Угол улиц Чаплыгина и Макаренко. Здесь раньше была знаменитая общага “Табакерки”, а теперь — театральная школа. Причем для самых маленьких, кто решил податься в артисты — сознательно или потому, что модно — в опасный пубертатный период.
На первом этаже в воздухе разлито коллективное ожидание — тяжелое и вялое, как мокрое белье. Кто развалился на стуле, кто нервно ходит по небольшому холлу. Какая-то женщина, видимо, чья-то мать, тупо уставилась в одну точку испуганными глазами. Зато на втором этаже, за закрытыми дверями — совсем другая атмосфера.
— Я сижу на вишенке,
Не могу накушаться,
Деда Сталин говорит,
Надо маму слушаться.
Можешь повторить за мной? — спрашивает испуганное создание Олег Табаков.

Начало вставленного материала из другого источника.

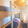 This thoughtfully designed 25m² apartment comfortably accommodates 2 adults and 2 children, making it ideal for couples or small families. The living area features a sofa bed, an open kitchen, and a dining space, creating a warm and inviting atmosphere for shared moments. A separate sleeping area with bunk beds ensures privacy for the little ones, while the balcony provides a serene spot to savor your morning coffee with stunning mountain views. Modern amenities such as bathroom products, linens, and beds made upon arrival add to the convenience, while optional services like Wi-Fi and additional cleaning cater to your needs.
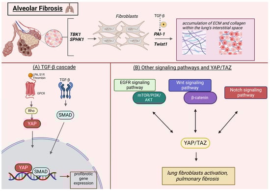 The high mortality rate of PF is strongly associated with the limited therapeutic options available to treat this disease. Pharmacological agents used in the management of IPF patients do not treat the disease but rather decelerate its progression and include nintedanib and pirfenidone [9]. Nintedanib functions as an inhibitor of tyrosine kinases with antifibrotic, anti-inflammatory, and vascular remodeling effects [10]. Pirfenidone is a broad-spectrum antifibrotic drug that inhibits the proliferation of fibroblasts, the production of collagen, and the differentiation of myofibroblasts [11]. However, both nintedanib and pirfenidone have side effects that vary in their impact on different patients, presenting with varying degrees of severity; nintedanib is closely linked to diarrhea and other gastrointestinal symptoms, while pirfenidone is more likely to cause adverse skin reactions, especially photosensitivity, as well as gastrointestinal intolerance, primarily in the form of nausea [12,13,14]. This variability in adverse effects complicates treatment for medical practitioners. So far, the only effective therapy for IPF patients that decreases mortality is lung transplantation [15]. However, lung transplants are not without complications, which further highlights the need for novel therapeutic approaches for PF. Re-examining the molecular landscape behind PF pathophysiology revealed the dysfunction of yes-associated protein (YAP)/transcriptional coactivator with PDZ-binding motif (TAZ) signaling as a major cause of PF. The YAP/TAZ cascade has been identified as a critical regulator of fibroblast activation and ECM synthesis in PF. Activation of the Hippo pathway components YAP and TAZ in alveolar epithelial cells and fibroblasts contributes to lung regeneration and harmful remodeling after injury, with dysregulation of this pathway implicated in the progression of lung fibrosis [16]. The aim of this review is to delve into the role of the YAP/TAZ cascade in the pathogenesis and progression of PF. Therapeutic efforts towards targeting several pathways associated with YAP/TAZ will be reviewed as well.

В просторном зале идет третий тур, прослушивание будущих студентов. На мальчишек я опоздала. Вхожу в тот момент, когда начинают слушать девочек. Вот одной из них Олег Павлович предлагает повторить за собой про “деду Сталина”.
За длинным столом как на картине “Тайная вечеря”: по центру Олег Табаков, а по правую и левую руки от него — апостолы. Лобанов, Мохов, Егоров, Хомяков, Угрюмов — почти все ученики Табакова, педагоги, есть даже психологи. Мне сказали, что они делают исследование психологических особенностей нынешнего поколения актеров.
— Он по возрасту прошел молочную спелость, он существо мужского пола, — говорит про кого-то Олег Павлович. — При социализме все бы бригадиры в кино были его. А теперь он кем — секьюрити будет? Я не уверен.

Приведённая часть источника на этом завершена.